Taking notes during lectures or reading may be counterproductive.

Disclaimer: I still take notes sometimes. And I regularly highlight on my Kindle.

But a while ago, a lecturer told me to never take notes while listening to lectures. His reason? When you take notes, you’re not actually listening to the lecture. You’re engaging your brain less.

I’ve started to apply the same logic to reading.

Here are a couple of reasons why I don’t take notes while I’m reading anymore.

  1. It’s distracting. Whether it’s pulling out my phone (which itself is addictive and makes it harder to focus on reading) or whipping out the notebook, it breaks the mental concentration needed for a meatier book. It might also mean you’re less likely to remember the thing you’re reading.

    Plus, it just takes you out of the book. The best reading experience is an immersive one.
    That said, taking notes after a reading session (or lecture) might be a great way to optimize learning without distracting from the reading itself.
  2. It slows the reading process. If you find a memory-retention benefit with notetaking, then go right ahead. But as I’ve pointed out, I tend to benefit from reading actively instead of recording information outside my brain. If notetaking isn’t helping retention – or worse, if it’s hurting it – then you might as well do without the distraction and the slower reading process and read more and more quickly.

    While you’re at it, stop reading crappy books.

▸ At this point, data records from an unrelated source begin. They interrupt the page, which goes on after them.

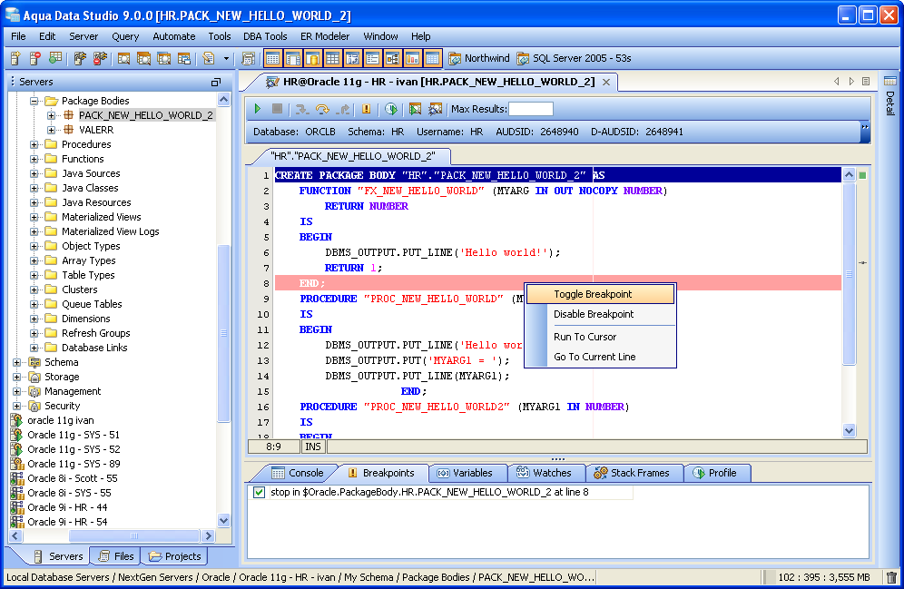 The procedure or package displays in the debugging window, within which breakpoints can be added by right-clicking and selecting "Toggle Breakpoint" from the popup menu. When this window has focus, and a line has been clicked, it is also possible to select "Run to Cursor," to run the debugger up to that line in the procedure. From the same popup menu, "Go to Current Line" brings the cursor to the current line, which is very useful when debugging multiple lengthy procedures.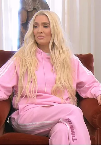 Erika Jayne on The Real Housewives of Beverly Hills on Bravo was spotted wearing this pink side striped hoodie and jogger pants on The Real Housewives of Beverly Hills on episode 'Lips Unsealed' (11x14) in Aug 2021. Erika's Sweater is the Ninja Hoodie by Adidas . Erika's Pants is the Ninja Pants by Adidas.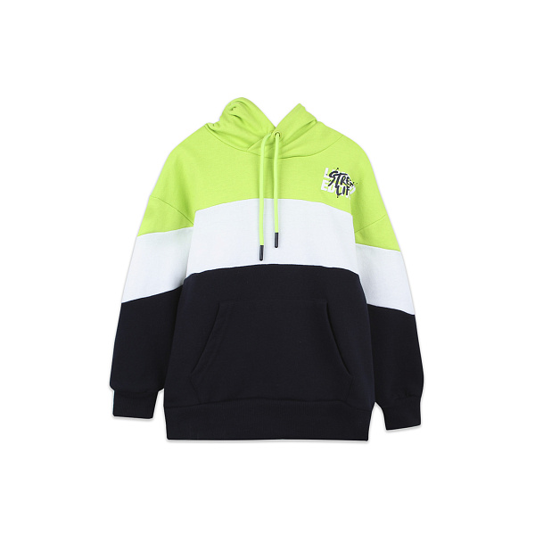 Толстовка сшита из ткани трех цветов, которые эффектно сочетаются между собой. На груди приклеена небольшая картинка в виде надписи, а на животе пришит дополнительный карман. Кофта относится к спортивному стилю. Она обязательно понравится юным спортсменам или ребятам, которые веду активный образ жизни.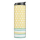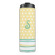 Tumbler térmico de bonito hecho en verde azulado, amarillo y blanco, con puntos caprichosos y rayas horizontales. Personalice el monograma de una letra, en la parte delantera del vaso. Gran idea de regalo para ella.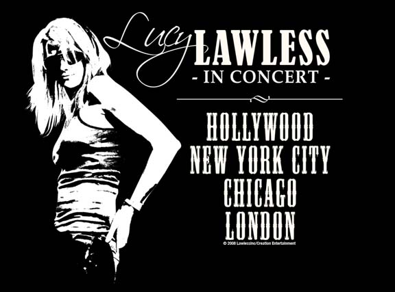 Official Xena Fan Club Yahoo Group These messages, photos and videos are exclusive to this website. Please do not repost to any other website. Link to the page to send people to see them. LUCY LAWLESS LIVE AT THE ROXY JANUARY 2008 Here's the clip the Renee fans have been waiting for. Her duet with Lucy on "Stop Dragging My Heart Around" at Lucy's Roxy concert. Instead of dancing, as she did at the other concerts, Lucy and Renee thought it would be fun if she sang along. And then there's the item that was thrown onstage from the audience. Hey, it's a Tom Jones concert! ![]() (click image for QTversion)(wmv version) Here's Lucy's Roxy concert shirt. ![]() Lucy changed outfits the second night at the Roxy. Did I mention Lucy changed outfits the second night at the Roxy! Check out this second clip as Lucy goes "Walking After Midnight" with Patsy Cline. And don't forget to check out Lucy's website for another Roxy clip, "Heartache Tonight." ![]() (click image for QTversion)(wmv version) Lucy's got a mischievous streak and I thought I'd give you a peek at it in action. And check out another clip on Lucy's website. ![]() (click image for QTversion)(wmv version) Here's the fourth clip from the rehearsal sessions with Michael. (The other two are on Lucy's website.) This is a 20s sounding ditty by Dan Hicks and the Hot Licks called, "Sweetheart."

  3. It doesn’t tax the memory. If you are thinking while you write, this might not be the case. But most of us just copy some text down and that counts as our “studying”. But copying something down doesn’t mean you’ve learned it or integrated it. In fact, writing something down (especially typing it) may not tax the memory the way it needs to be taxed.

    You know that slight stress that you feel in your brain when you’re thinking? It means you’re learning. Neural connections are being made. No pain, no gain. Literally.

 

So… what do I do instead?

As I’ve hinted at: I just think, even talk to myself to internalize the concepts and connections and visualize them. Or I think about things they remind me of. If something is of particular importance, I’ll take some time and write out a summary after I’m done reading. 

Memory is in part how we make connections, and connections need to be made actively. 

So keep thinking. And enjoy your reading rather than taking notes you might never go back to.